I am now interested in obtaining some expression (or approximation) for the more general case where $X \sim N(\mu, \Sigma)$ and $\Sigma$ is any diagonal matrix.

As I mentioned in this related question, one possible approximation involves using a Taylor approximation, in which: $\mathbb{E}\left( \frac{A}{B} \right) \approx \frac{\mathbb{E}(A)}{\mathbb{E}(B)} - \frac{Cov(A,B)}{\mathbb{E}(B)^2} + \frac{\mathbb{E}(A)var(B)}{\mathbb{E}(B)^3}$, where I would have $A = X$ and $B = ||X||$ in the description above. For using this approximation, however, I'm not sure about the required $\mathbb{E}\left( ||X|| \right)$, $Var \left( ||X|| \right)$ and $Cov(X, ||X||)$ (the first two are related to the non-central chi distribution which has known moments, but I'm not sure I can use this distribution since each $X_i$ has a different variance).

So, I'm wondering whether there is some other reasonable way to approximate $\mathbb{E}\left( \frac{X}{\lVert X \rVert} \right)$, or whether the missing pieces in the approach I propose above can be obtained.

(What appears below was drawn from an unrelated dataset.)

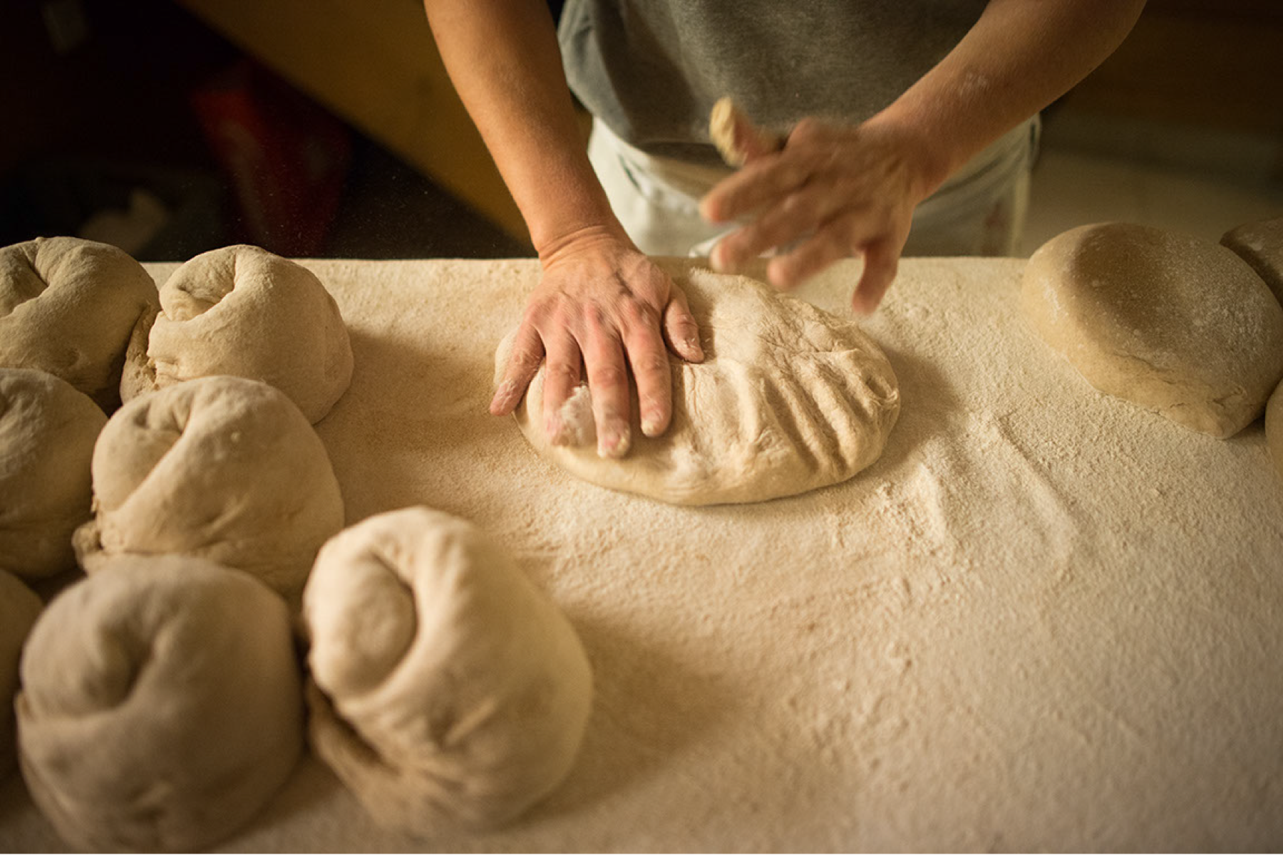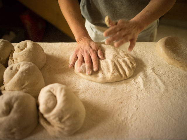 La boulangerie au feu de bois produit quotidiennement du pain, des petits pains et des pâtisseries. Les produits de boulangerie sont fabriqués de manière traditionnelle avec des matières premières biologiques de grande qualité, du talent et beaucoup de temps pour préparer les pâtes.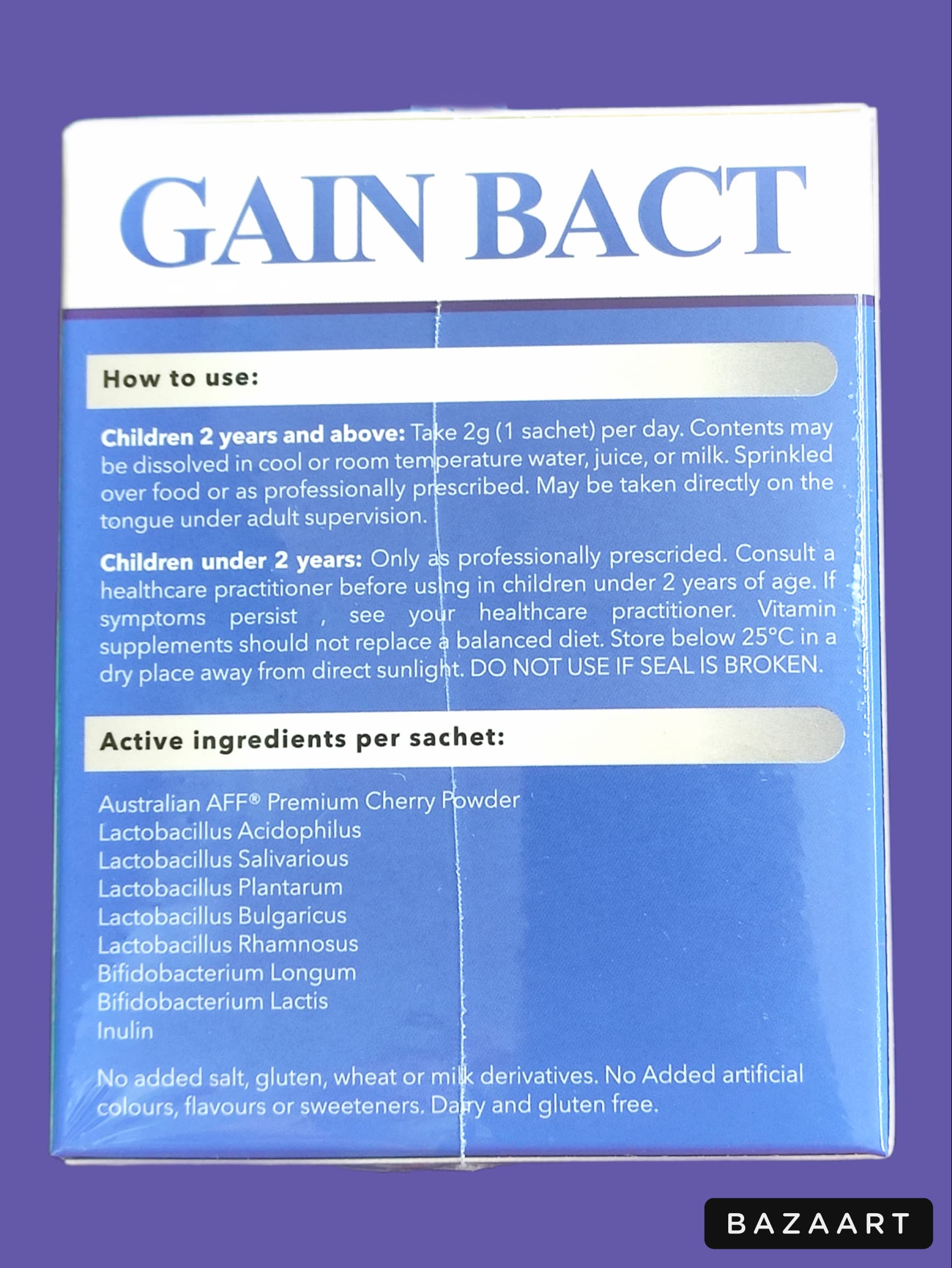 GAIN BACT Probiotic for daily health contains live good cultures which are boosted with a prebiotic for general wellbeing.

Of note, the random variable $\frac{X}{||X||}$ with $X \sim N(\mu, \Sigma)$ and any $\Sigma$ is the general projected normal distribution.

Edit: The approach proposed in the comments of using Cauchy-Schwarz inequality could be useful. For that, we'd need $\mathbb{E}\left(\frac{1}{||X||^2}\right)$ which is a challenging problem (see here, here).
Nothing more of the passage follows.